Un bon berger nous a remis sur le droit chemin - littéralement. Paul, que j’ai photographié ci-dessus avec son chien Samy, nous a vus, guide en mains, nous grattant la tête à un endroit où nous n’étions pas supposés croiser une route départementale. "Le GR vers le refuge du Tubanet? Vous n’y êtes pas du tout, c’est plus haut". Et comme un peu de compagnie ne lui déplaisait pas, il a marché avec nous à travers prés et forêts jusqu’au bon embranchement. C’est ainsi que j’ai su que le retour du loup dans le Vercors ne l’enchante guère. "Il y avait beaucoup de mouflons par ici, et des renards argentés. Aujourd’hui presque plus rien. Les gens qui ont décidé de réintroduire le loup, ils n’ont pas bien réfléchi. Ah non, ils n’ont pas bien réfléchi." Lui en tout cas, il sait compter. Je ne me souviens plus combien de bêtes il lui fallait vendre il y a trente ans pour s’acheter une petite voiture, mais aujourd’hui, ce serait un multiple. Bref, la filière ovine ne se porte pas trop bien, ce qui n’empêche pas Paul d’être fidèle au poste sur le plateau d’Ambel depuis une quarantaine d’années.

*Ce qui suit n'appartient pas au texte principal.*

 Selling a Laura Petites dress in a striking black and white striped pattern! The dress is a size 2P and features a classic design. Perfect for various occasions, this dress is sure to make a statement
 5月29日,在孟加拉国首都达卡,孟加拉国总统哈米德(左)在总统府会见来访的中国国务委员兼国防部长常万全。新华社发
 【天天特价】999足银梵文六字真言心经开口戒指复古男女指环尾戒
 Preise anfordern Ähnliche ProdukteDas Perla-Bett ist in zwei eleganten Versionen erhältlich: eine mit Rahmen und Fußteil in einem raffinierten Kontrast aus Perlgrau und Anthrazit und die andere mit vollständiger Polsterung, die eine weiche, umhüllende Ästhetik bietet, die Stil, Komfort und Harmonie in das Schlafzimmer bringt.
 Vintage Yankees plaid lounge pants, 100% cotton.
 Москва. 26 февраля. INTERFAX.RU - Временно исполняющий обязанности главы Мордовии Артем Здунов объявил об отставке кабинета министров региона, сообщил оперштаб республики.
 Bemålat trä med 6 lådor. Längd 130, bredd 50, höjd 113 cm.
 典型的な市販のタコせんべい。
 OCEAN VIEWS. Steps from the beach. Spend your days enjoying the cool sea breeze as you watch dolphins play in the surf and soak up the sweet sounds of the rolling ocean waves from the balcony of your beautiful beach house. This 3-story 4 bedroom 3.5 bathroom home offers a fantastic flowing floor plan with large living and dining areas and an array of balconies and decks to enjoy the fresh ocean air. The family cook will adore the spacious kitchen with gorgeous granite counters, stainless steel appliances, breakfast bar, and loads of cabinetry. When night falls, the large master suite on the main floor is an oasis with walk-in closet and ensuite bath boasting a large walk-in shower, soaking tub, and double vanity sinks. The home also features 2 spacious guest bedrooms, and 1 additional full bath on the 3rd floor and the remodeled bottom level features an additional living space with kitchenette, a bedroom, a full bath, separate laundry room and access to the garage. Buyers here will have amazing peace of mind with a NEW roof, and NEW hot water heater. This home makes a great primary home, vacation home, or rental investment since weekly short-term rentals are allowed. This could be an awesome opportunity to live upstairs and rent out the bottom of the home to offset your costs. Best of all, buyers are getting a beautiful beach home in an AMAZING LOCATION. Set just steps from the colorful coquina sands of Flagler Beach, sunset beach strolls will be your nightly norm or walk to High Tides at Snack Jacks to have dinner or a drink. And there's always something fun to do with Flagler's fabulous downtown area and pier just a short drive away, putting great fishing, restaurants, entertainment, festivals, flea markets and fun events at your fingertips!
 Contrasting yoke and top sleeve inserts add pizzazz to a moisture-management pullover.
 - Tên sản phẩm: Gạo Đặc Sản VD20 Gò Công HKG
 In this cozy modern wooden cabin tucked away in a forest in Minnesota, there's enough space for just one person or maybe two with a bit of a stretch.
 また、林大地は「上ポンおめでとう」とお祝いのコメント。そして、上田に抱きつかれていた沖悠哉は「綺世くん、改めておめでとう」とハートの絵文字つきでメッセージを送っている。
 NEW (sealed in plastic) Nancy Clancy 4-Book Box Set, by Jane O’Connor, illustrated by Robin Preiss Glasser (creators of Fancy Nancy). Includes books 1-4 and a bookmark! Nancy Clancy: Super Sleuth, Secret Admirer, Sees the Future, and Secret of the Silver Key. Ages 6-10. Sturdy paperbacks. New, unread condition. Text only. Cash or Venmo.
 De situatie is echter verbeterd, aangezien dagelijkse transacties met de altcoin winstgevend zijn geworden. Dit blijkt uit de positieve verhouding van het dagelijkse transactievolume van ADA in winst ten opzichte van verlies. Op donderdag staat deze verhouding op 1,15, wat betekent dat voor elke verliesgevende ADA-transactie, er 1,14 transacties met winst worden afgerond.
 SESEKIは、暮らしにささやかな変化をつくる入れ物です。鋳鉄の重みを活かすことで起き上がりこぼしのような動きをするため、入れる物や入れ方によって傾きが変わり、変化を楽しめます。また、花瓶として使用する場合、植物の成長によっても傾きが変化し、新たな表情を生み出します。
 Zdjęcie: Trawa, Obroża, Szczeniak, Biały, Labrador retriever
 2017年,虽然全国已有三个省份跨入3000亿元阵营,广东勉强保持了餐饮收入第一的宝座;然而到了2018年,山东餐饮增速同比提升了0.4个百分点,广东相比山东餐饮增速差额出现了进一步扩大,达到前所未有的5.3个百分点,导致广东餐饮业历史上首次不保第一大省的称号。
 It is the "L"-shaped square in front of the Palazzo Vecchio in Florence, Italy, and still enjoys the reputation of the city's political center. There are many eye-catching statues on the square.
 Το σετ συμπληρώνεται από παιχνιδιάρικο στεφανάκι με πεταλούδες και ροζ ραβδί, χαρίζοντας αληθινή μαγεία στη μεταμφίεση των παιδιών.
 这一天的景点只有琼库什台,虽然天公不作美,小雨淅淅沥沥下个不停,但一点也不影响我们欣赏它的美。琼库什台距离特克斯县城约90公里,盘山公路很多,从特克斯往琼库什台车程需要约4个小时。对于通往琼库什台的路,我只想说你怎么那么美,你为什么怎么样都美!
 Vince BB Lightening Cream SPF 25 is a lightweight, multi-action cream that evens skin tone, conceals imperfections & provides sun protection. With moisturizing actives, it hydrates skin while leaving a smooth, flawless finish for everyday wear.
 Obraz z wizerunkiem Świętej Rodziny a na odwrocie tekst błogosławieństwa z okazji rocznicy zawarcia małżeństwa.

Et puisque c’est une erreur de parcours qui nous l’a fait rencontrer, un mot sur la signalisation. Celle des GR est généralement bonne, et le 93 ne fait pas exception. Cela dit, le topoguide et une boussole ne sont pas de trop en certains endroits où le marquage se fait discret. J’ai mis trois jours à découvrir que les poteaux des GR comportaient des plaques sur deux faces, indiquant des destinations différentes, et qu’il vaut mieux regarder les deux pour bien s’assurer où l’on va. L’erreur de parcours se produit d’ailleurs rarement quand on doute, car dans ces cas on vérifie plutôt deux fois qu’une, mais quand on est trop sûr de soi. C’est exactement ce qui nous est arrivé après la halte au refuge d’Ambel. Nous avions d’abord penser y rester pour dormir, profitant ainsi de la source, mais comme l’après-midi était encore long, nous avons repris nos sacs et nous sommes dirigés dare-dare vers un chemin de terre situé à 200 mètres à peu près de la cabane, comme le disait le guide. Sauf que ce n’était pas le bon, ce que nous aurions pu vérifier en regardant la carte, où le trait rouge continuait trout droit, tandis que notre trajectoire effectuait un angle à 45 degrés.
A part le plaisir de rencontrer Paul, cela nous a coûté une heure supplémentaire dans une journée qui s’annonçait déjà longue. Ce contretemps m’a un peu agacé, la rude montée vers le Tubanet encore plus. Quand nous nous sommes retrouvés sur la magnifique arête qui mène au Pas de l’Infernet, j’étais partagé entre la jouissance d’un panorama grandiose et le découragement du chemin à parcourir jusqu’au col. Quoi? Ce n’est pas après ce repli de terrain qu’on y arrive? Le sentier serpentait plus loin, malicieux.
Peu après le col, j’ai jeté un coup d’oeil en contrebas vers Font d’Urle, sa vingtaine de chalets aux volets clos et me suis dit que cela ne présageait rien de bon pour trouver un lit douillet, voire une simple paillasse. Gagné. Le semblant d’hôtel qui, pourtant, hébergeait un autre couple, nous a assurés qu’il était fermé. Le soleil se cachait derrière les sommets, un vent frisquet se levait, nous nous sommes rabattus sur la pelouse d’un centre d’équitation désert. Monter une tente dont on a négligé de lire précédemment le mode d’emploi alors que les jambes disent "stop", il y a de quoi rendre grincheux. Je l’étais. Heureusement, Wendy a sorti le petit réchaud miracle et préparé une soupe de nouilles asiatique qui nous a mis quelque réconfort dans l’estomac et, pour moi, dans la tête.